ABOUT THIS TASK: The expected output is exactly the lines below, starting at the line with "Šedý pivní krýgl" and ending at the line with "AB: 20x reicht", both included; no other line belongs in it.

ENTRIES PROVIDED:
■ ■ ■
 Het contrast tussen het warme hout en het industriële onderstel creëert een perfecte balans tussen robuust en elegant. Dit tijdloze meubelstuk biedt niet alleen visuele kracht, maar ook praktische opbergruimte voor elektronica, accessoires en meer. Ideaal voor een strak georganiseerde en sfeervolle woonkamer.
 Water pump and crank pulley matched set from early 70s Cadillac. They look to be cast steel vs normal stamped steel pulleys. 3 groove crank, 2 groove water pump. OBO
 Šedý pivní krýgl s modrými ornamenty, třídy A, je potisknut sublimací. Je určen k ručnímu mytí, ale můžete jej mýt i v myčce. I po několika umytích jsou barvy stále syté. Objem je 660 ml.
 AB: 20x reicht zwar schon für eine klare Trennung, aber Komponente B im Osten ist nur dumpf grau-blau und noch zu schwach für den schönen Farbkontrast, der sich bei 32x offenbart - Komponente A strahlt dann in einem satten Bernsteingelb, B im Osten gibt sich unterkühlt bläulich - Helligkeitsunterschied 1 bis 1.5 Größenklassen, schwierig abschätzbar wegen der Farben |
■ ■ ■
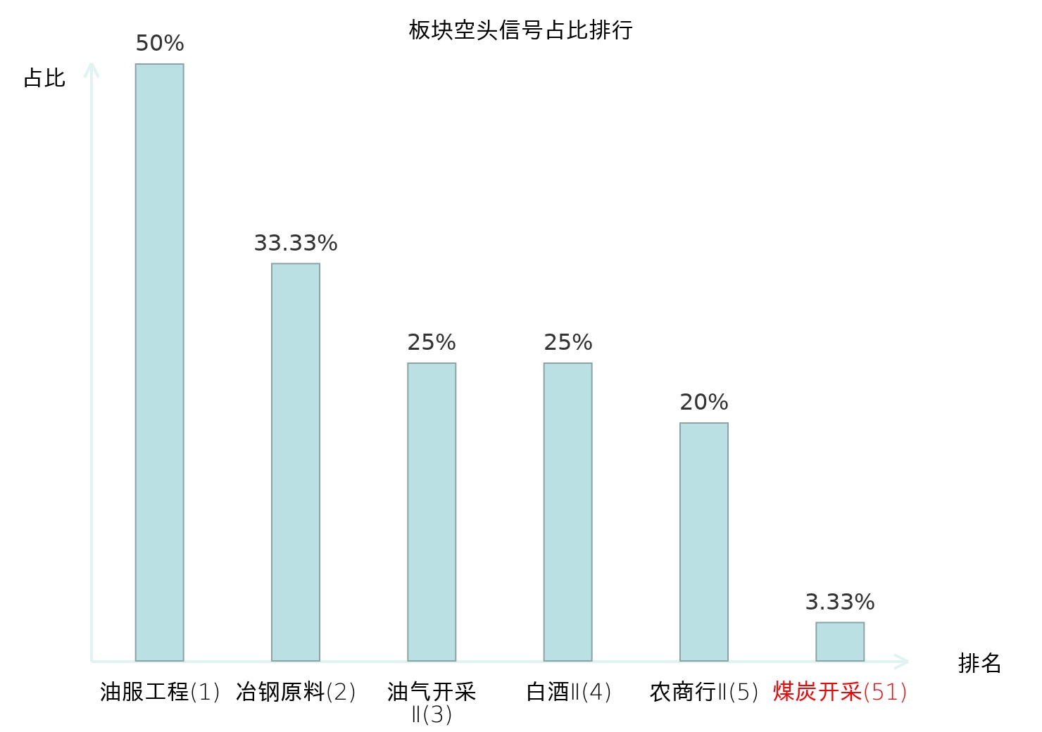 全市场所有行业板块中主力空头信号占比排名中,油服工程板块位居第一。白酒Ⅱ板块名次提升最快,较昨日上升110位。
■ ■ ■
WRITTEN ANSWER:
 Šedý pivní krýgl s modrými ornamenty, třídy A, je potisknut sublimací. Je určen k ručnímu mytí, ale můžete jej mýt i v myčce. I po několika umytích jsou barvy stále syté. Objem je 660 ml.
 AB: 20x reicht zwar schon für eine klare Trennung, aber Komponente B im Osten ist nur dumpf grau-blau und noch zu schwach für den schönen Farbkontrast, der sich bei 32x offenbart - Komponente A strahlt dann in einem satten Bernsteingelb, B im Osten gibt sich unterkühlt bläulich - Helligkeitsunterschied 1 bis 1.5 Größenklassen, schwierig abschätzbar wegen der Farben |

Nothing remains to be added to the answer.